| Task brief |
Copy out exactly the lines spanning the line with "Su diseño se" to the line with "見た目では分かりませんでした", inclusive, from the data underneath, with no pictures.

| Given data |
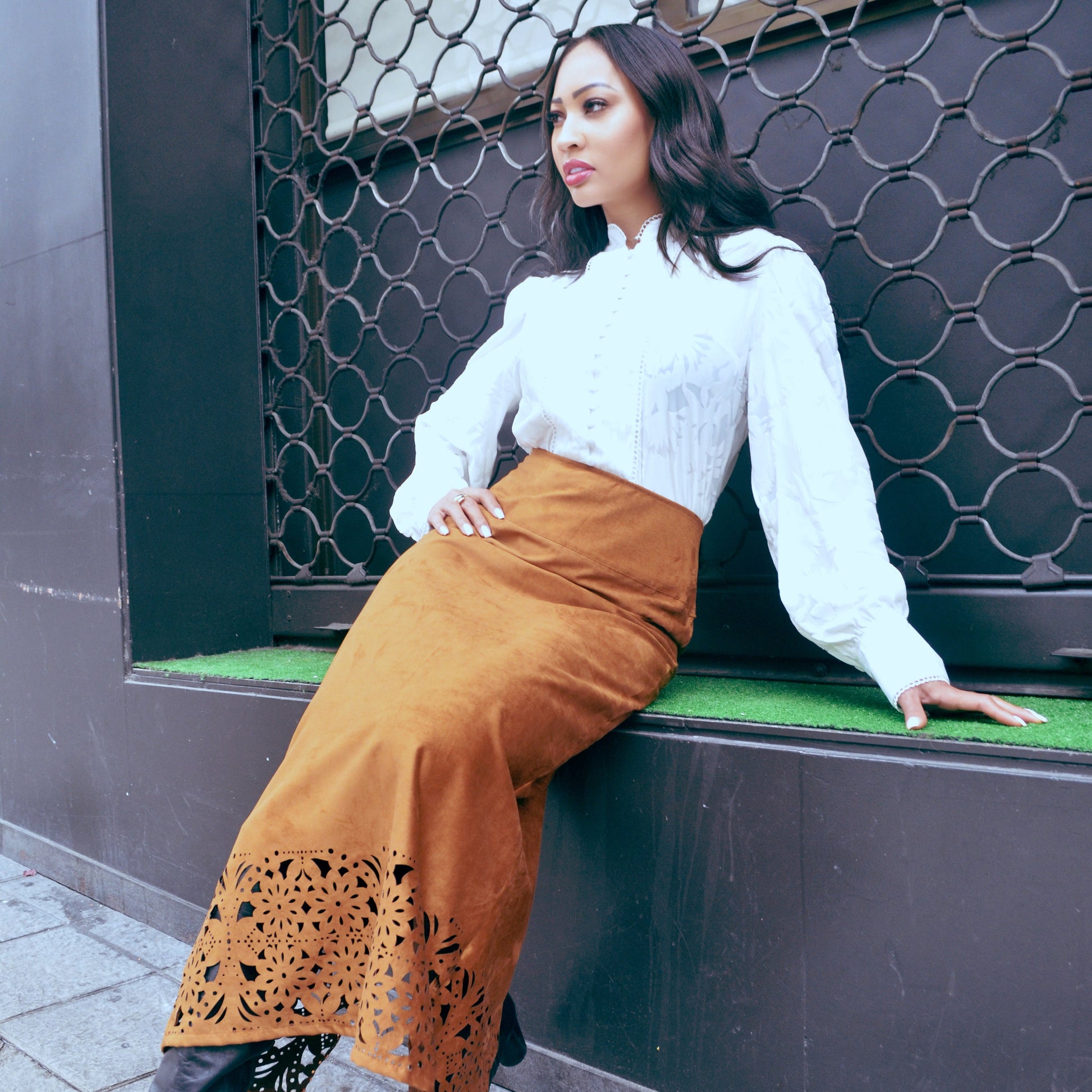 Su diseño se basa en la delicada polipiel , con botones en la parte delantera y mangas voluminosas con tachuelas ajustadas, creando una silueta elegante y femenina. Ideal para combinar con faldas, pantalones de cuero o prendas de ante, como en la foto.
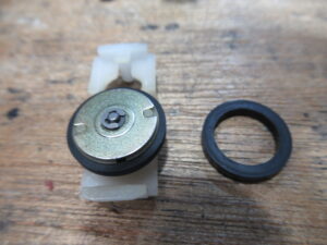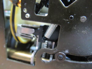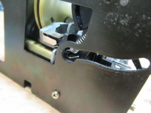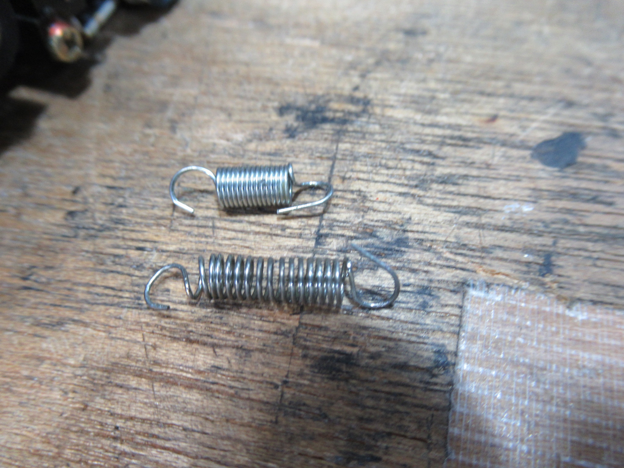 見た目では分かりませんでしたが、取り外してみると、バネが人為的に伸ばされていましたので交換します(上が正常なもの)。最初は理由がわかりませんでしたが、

...

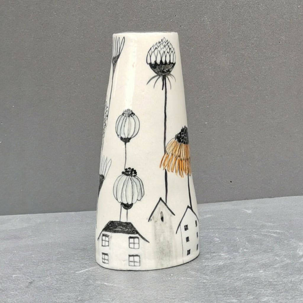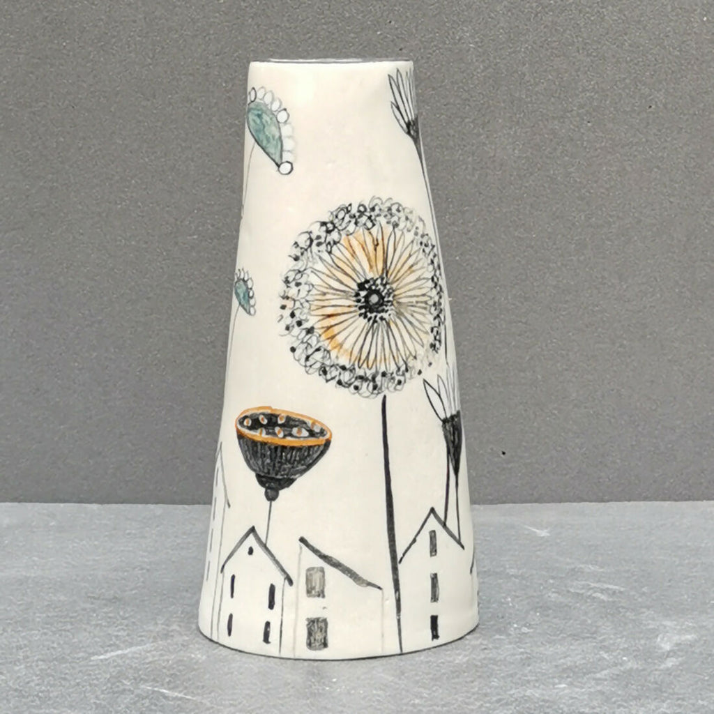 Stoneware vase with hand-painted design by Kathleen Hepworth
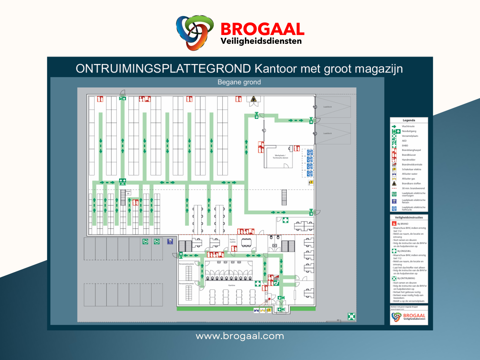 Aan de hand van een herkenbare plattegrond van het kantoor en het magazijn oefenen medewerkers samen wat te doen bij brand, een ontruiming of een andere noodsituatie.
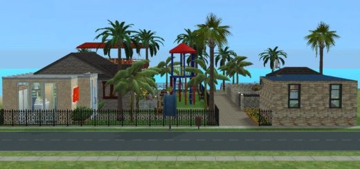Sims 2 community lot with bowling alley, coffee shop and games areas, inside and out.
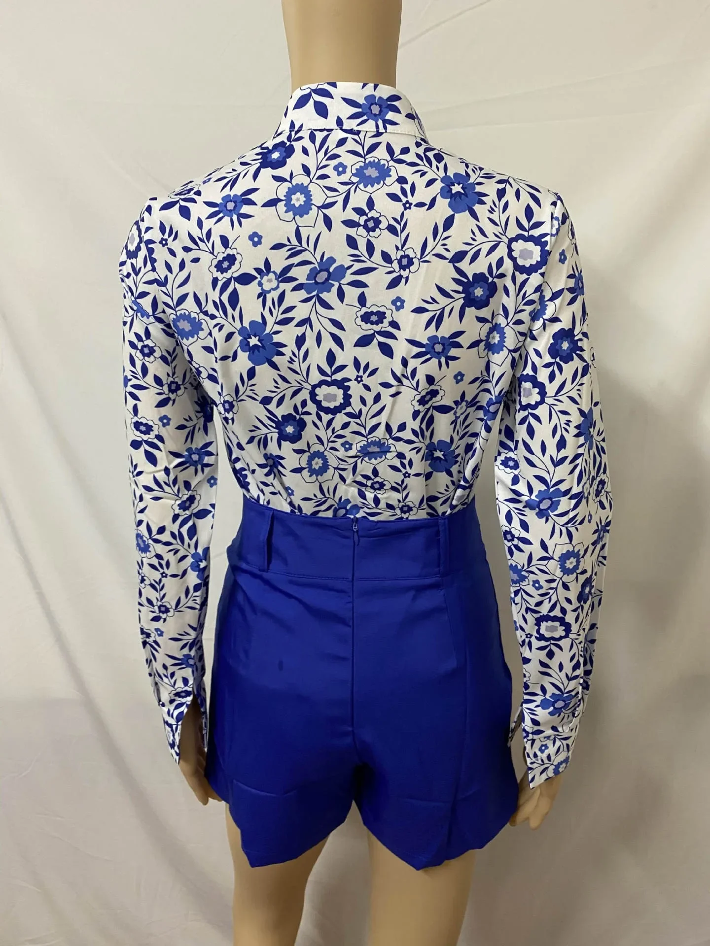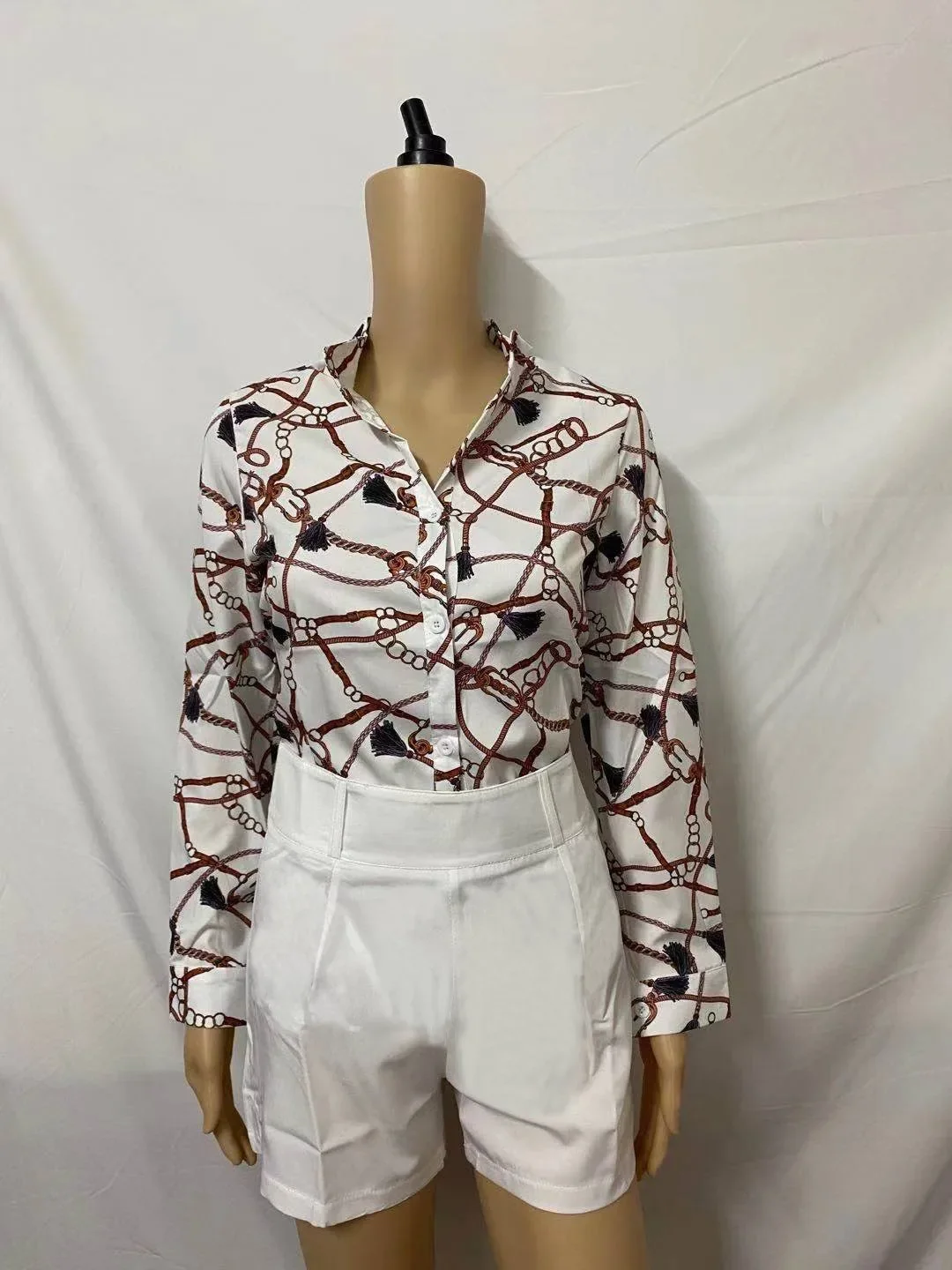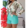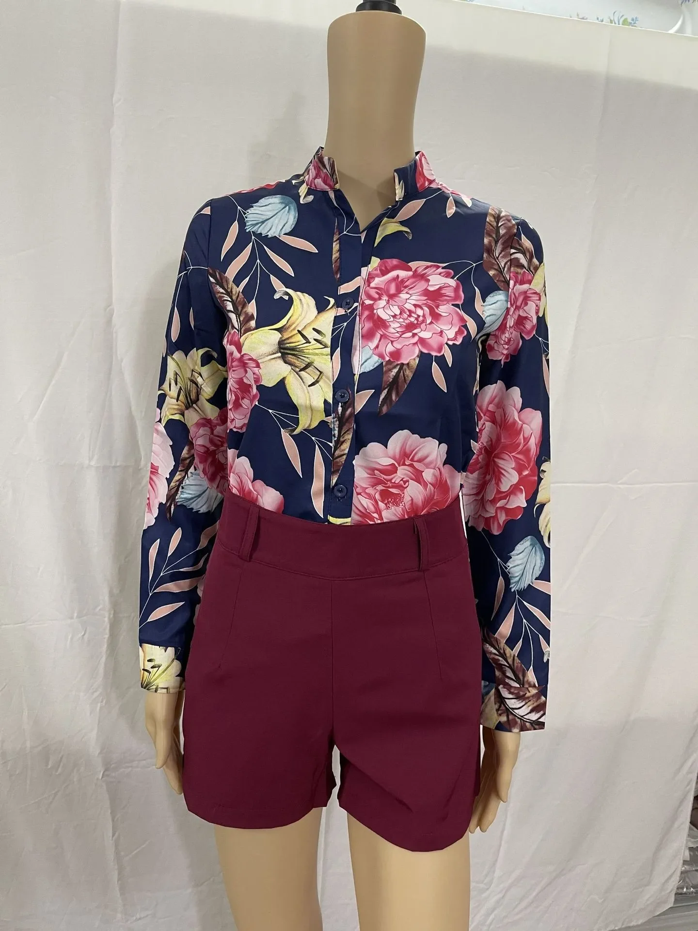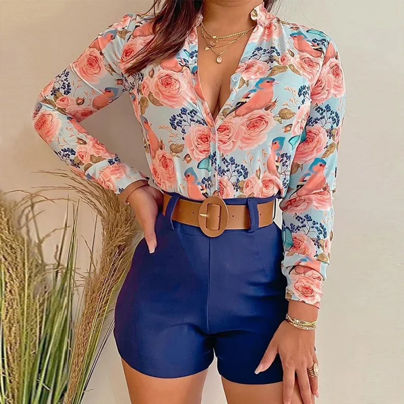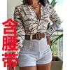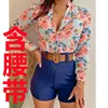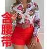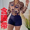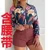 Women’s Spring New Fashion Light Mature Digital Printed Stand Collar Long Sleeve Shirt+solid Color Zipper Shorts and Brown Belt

...

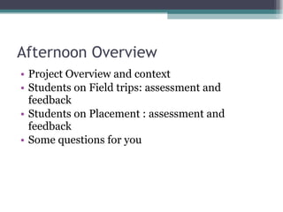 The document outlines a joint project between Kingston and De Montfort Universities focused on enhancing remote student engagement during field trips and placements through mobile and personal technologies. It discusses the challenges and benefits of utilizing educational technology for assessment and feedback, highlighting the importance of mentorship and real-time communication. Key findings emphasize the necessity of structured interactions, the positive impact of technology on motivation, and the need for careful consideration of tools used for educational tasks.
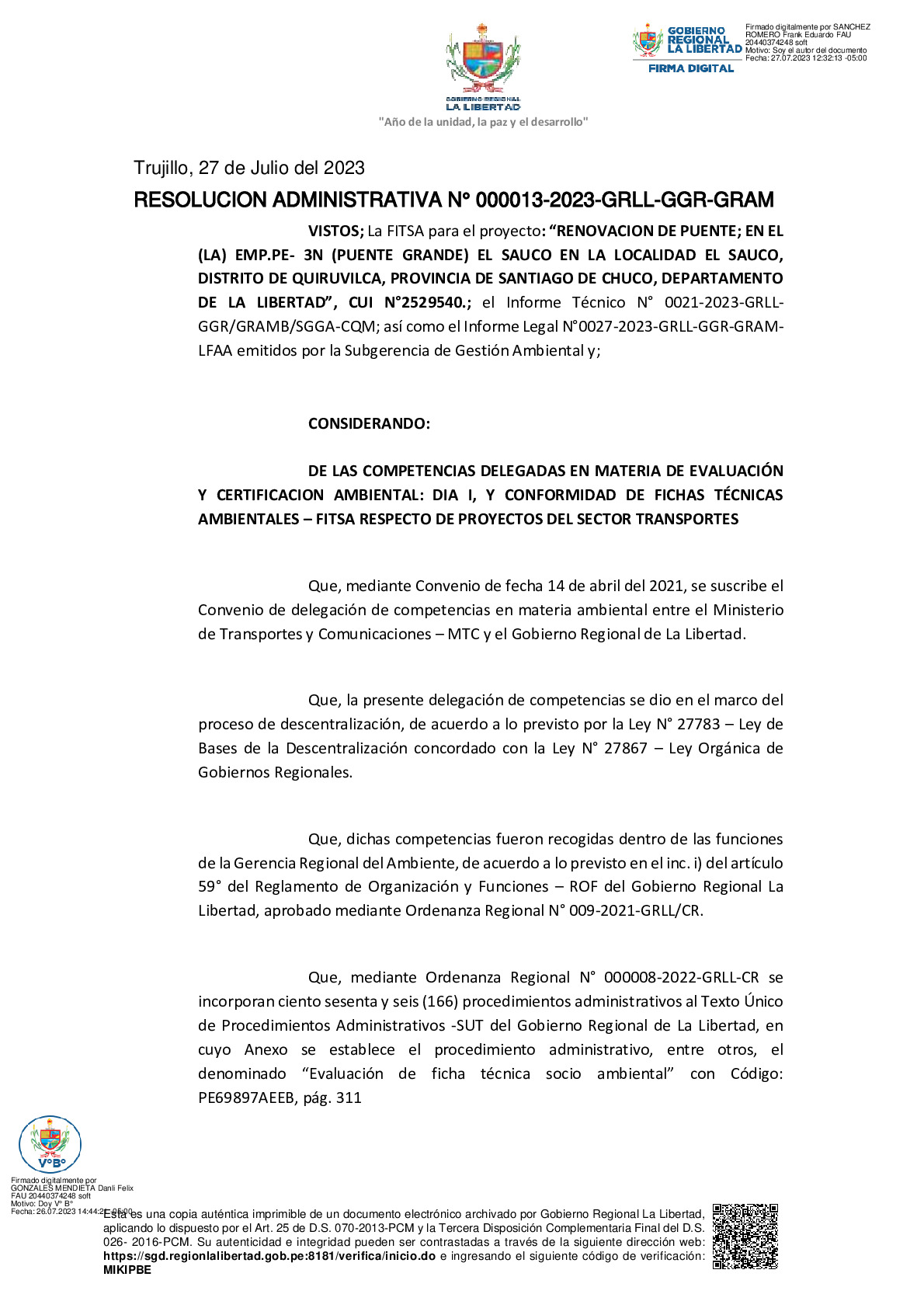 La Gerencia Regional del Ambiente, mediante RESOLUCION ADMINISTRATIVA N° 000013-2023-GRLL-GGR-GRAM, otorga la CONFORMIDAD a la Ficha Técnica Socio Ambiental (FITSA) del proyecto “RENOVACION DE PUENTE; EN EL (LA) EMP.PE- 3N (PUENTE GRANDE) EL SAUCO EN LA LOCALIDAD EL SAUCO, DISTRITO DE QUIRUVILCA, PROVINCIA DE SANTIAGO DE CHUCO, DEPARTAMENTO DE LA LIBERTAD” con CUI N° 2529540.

| Answer space |
 Su diseño se basa en la delicada polipiel , con botones en la parte delantera y mangas voluminosas con tachuelas ajustadas, creando una silueta elegante y femenina. Ideal para combinar con faldas, pantalones de cuero o prendas de ante, como en la foto.
 見た目では分かりませんでしたが、取り外してみると、バネが人為的に伸ばされていましたので交換します(上が正常なもの)。最初は理由がわかりませんでしたが、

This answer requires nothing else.